Here’s an all too common scenario from the “cloud chronicles.” A virtual machine that has been operating just fine for days, and has 50 other identical twins with the same configuration, starts to exhibit problems. Slow virtual disk performance. Network brown-outs. Disconnecting and reconnecting within it’s functional cluster. Monitoring systems alert on degrading performance, and the knee-jerk response is to jump on the box (nee VM) and start to troubleshoot the issue. The problem is, spending any time troubleshooting an anomaly in the “cloud” is the wrong reaction. In the cloud, the first response, when a node starts to exhibit erratic behavior, should be to replace, not fix.

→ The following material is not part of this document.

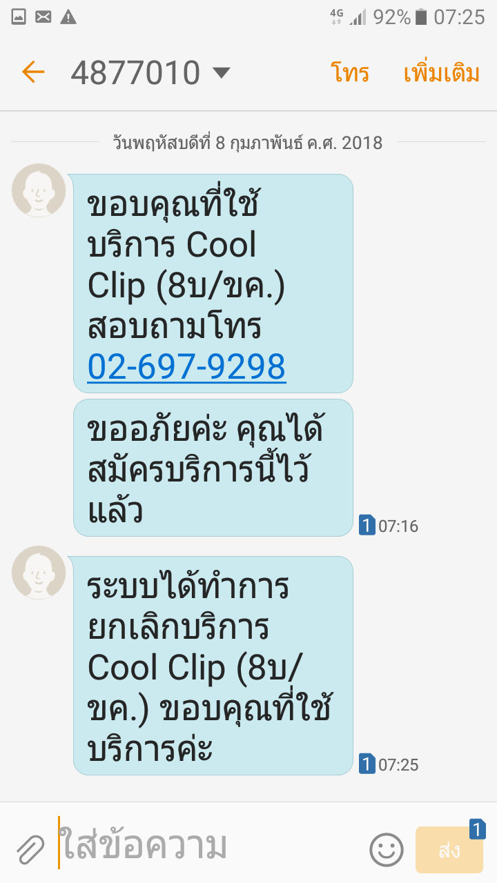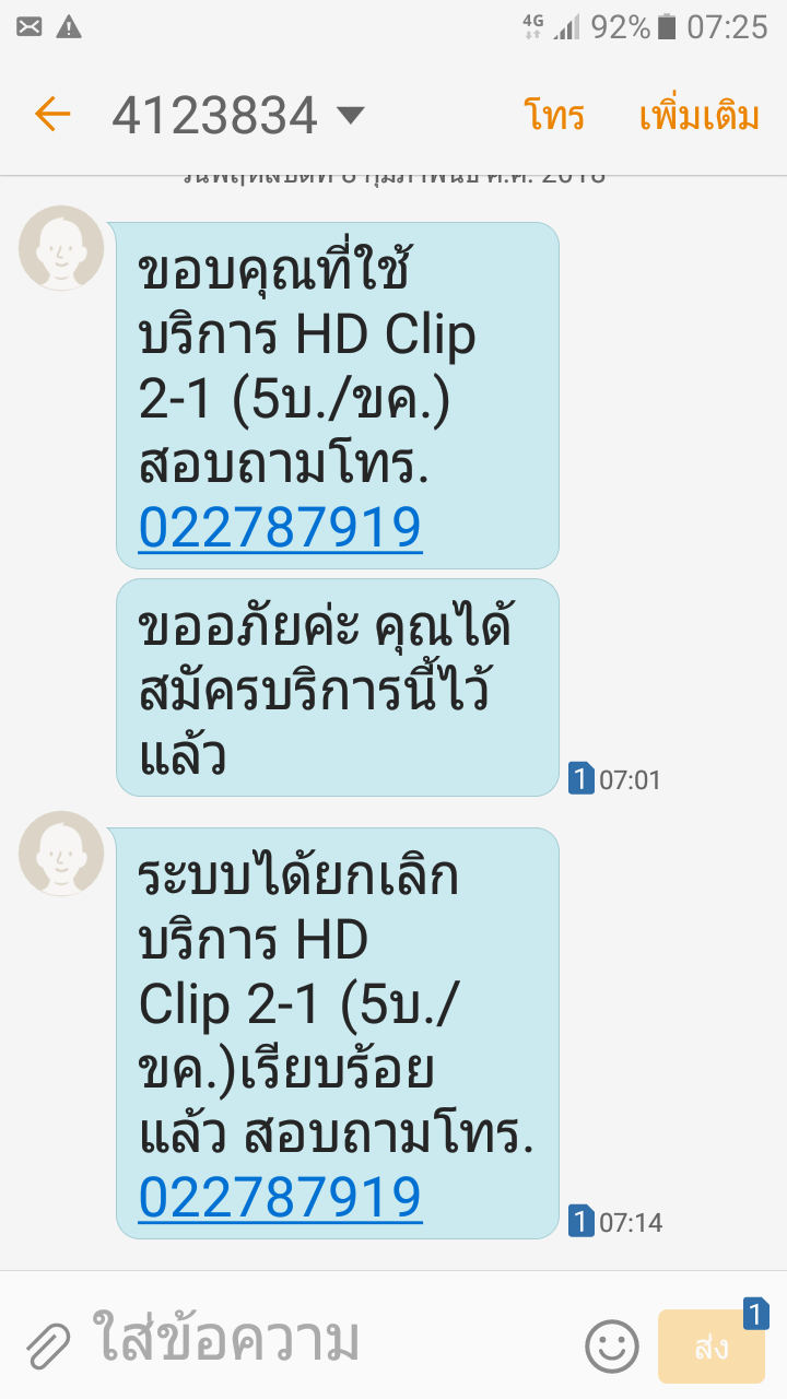 ใช้ดีแทค โทรไปแจ้งคอลเซ็นเตอร์และบอกพนักงานว่าให้ยกเลิกให้ด้วย หลังจากวางสาย ก็ยังมีส่งข้อความมาอีก จนต้องโทรไปยกเลิกอีกครั้ง สรุปโดนไป10บาท สองข้อความ และ6บาทค่าโทรหาคอลเซ็นเตอร์สองครั้ง และดีแทค*777

Replacing, instead of fixing, goes against the ingrained habits of over two decades of entrenched IT best practices. In the pre-cloud world, when real hardware was the base, we had to “fix IT” because replacing was too expensive and not practical. There was not an endless pile of spares lying about for a “replace IT” mindset.
But in the cloud, with, in theory, nearly infinite CPU, the remediation to an errant node should be to immediately replace, and move on.
Why Is This?
Because there are too many causes beyond our control at the OS level in a cloud environment. Think of the cloud like living in a high-rise building. Each unit in the building, just like each cloud customer, can have whatever interior they want, but there are also massive shared resources in the building. So while our interior may be a candidate for the next architectural digest cover, our neighbor could “kill our chill” with a too-loud stereo boom box. The cloud suffers from the noisy neighbor problem just like our theoretical high-rise. But in the cloud, we can choose to move and jump back into the random lottery for a new unit. We can’t change the building, but we can change the location within the building.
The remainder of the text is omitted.